After installing required items all you need is to run the script that converts xls into csv. I have already written simple script that can make it. Please find code below and save it to your local system setting the proper permissions right (chmod +x filename).
convert_xls.py
1 2 3 4 5 6 7 8 9 10 11 12 13 14 15 16 17 18 19 20 21 22 23 24 25 26 27 28 29 30 31 32 33 34 35 36 37 38 39 40 41 42 43 44 45 46 47 48 49 50 51 52 53 54 55 56 57 58 59 60 61 62 |
import logging import time import traceback import xlrd import csv import sys import re logging.basicConfig(level=logging.INFO, format='%(asctime)s %(message)s') def csv_from_excel(): xls = sys.argv[1] target = sys.argv[2] logging.info("Start converting: From '" + xls + "' to '" + target + "'. ") try: start_time = time.time() wb = xlrd.open_workbook(xls) sh = wb.sheet_by_index(0) csvFile = open(target, 'wb') wr = csv.writer(csvFile, quoting=csv.QUOTE_ALL) for row in xrange(sh.nrows): rowValues = sh.row_values(row) newValues = [] for s in rowValues: if isinstance(s, unicode): strValue = (str(s.encode("utf-8"))) else: strValue = (str(s)) isInt = bool(re.match("^([0-9]+)\.0$", strValue)) if isInt: strValue = int(float(strValue)) else: isFloat = bool(re.match("^([0-9]+)\.([0-9]+)$", strValue)) isLong = bool(re.match("^([0-9]+)\.([0-9]+)e\+([0-9]+)$", strValue)) if isFloat: strValue = float(strValue) if isLong: strValue = int(float(strValue)) newValues.append(strValue) wr.writerow(newValues) csvFile.close() logging.info("Finished in %s seconds", time.time() - start_time) except Exception as e: print (str(e) + " " + traceback.format_exc()) csv_from_excel() |
If you have a python script created in your local filesystem the next step would be manage it from PHP. And this is most simplest solution. Using exec, system, or shell_exec solves the problem.
1 2 3 |
<?php exec(‘/usr/bin/python convert_xls.py input.xls out.csv’); ?> |
OR in command line.
1 |
$ /usr/bin/python convert_xls.py input.xls out.csv |
I know that solution is not really clean but it works. To have it more elegant I would suggest to create some kind of service in Python that handles it in a good way. I will think about it …
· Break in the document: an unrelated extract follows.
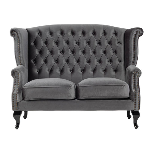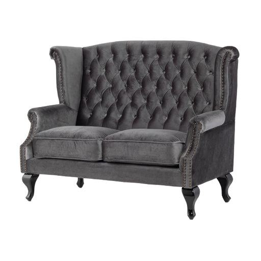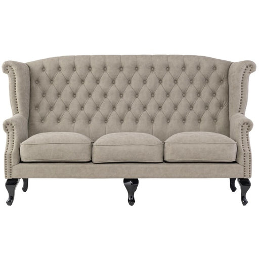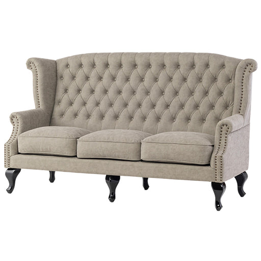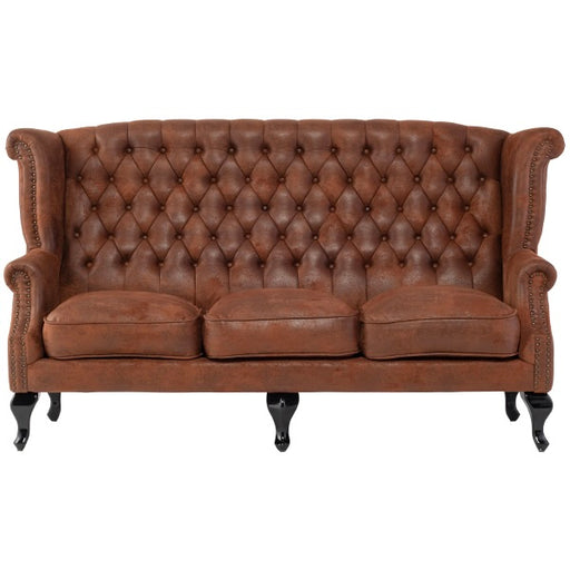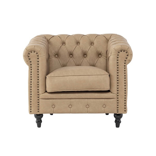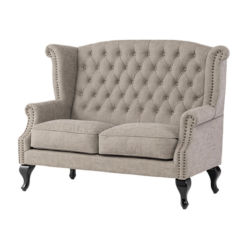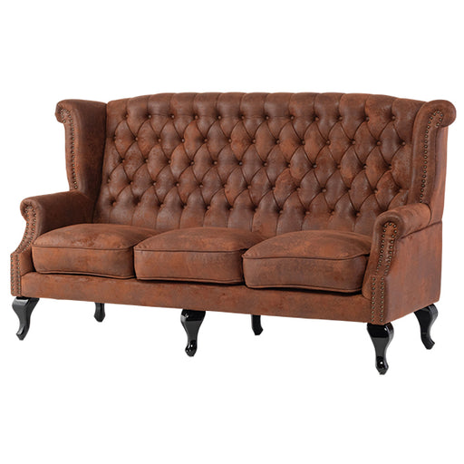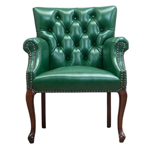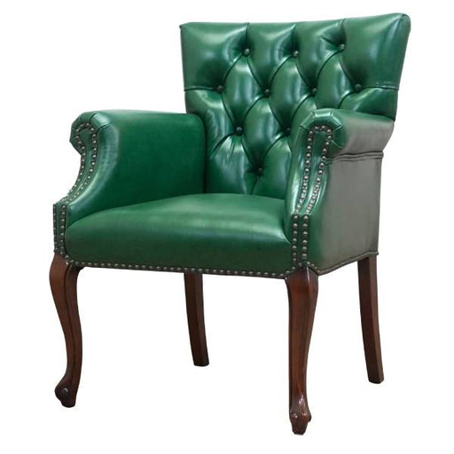 【コメント】 英国スタイルのコーナーチェア。ボタン留めや飾り鋲が本格的で、味のある彫刻を施した脚部も見応えがあります。

Note: I have also fixed issue with Long numbers in XLS.
Update
If you need to parse big XLS, XLSX files I would suggest not to make in in PHP. Just parse this using JAVA where PHP would be used only for UI.
Any questions, let me know. Please find comment form below.
Jacklyn
/ March 6, 2015This article is very interesting, but is hard to find in search engine.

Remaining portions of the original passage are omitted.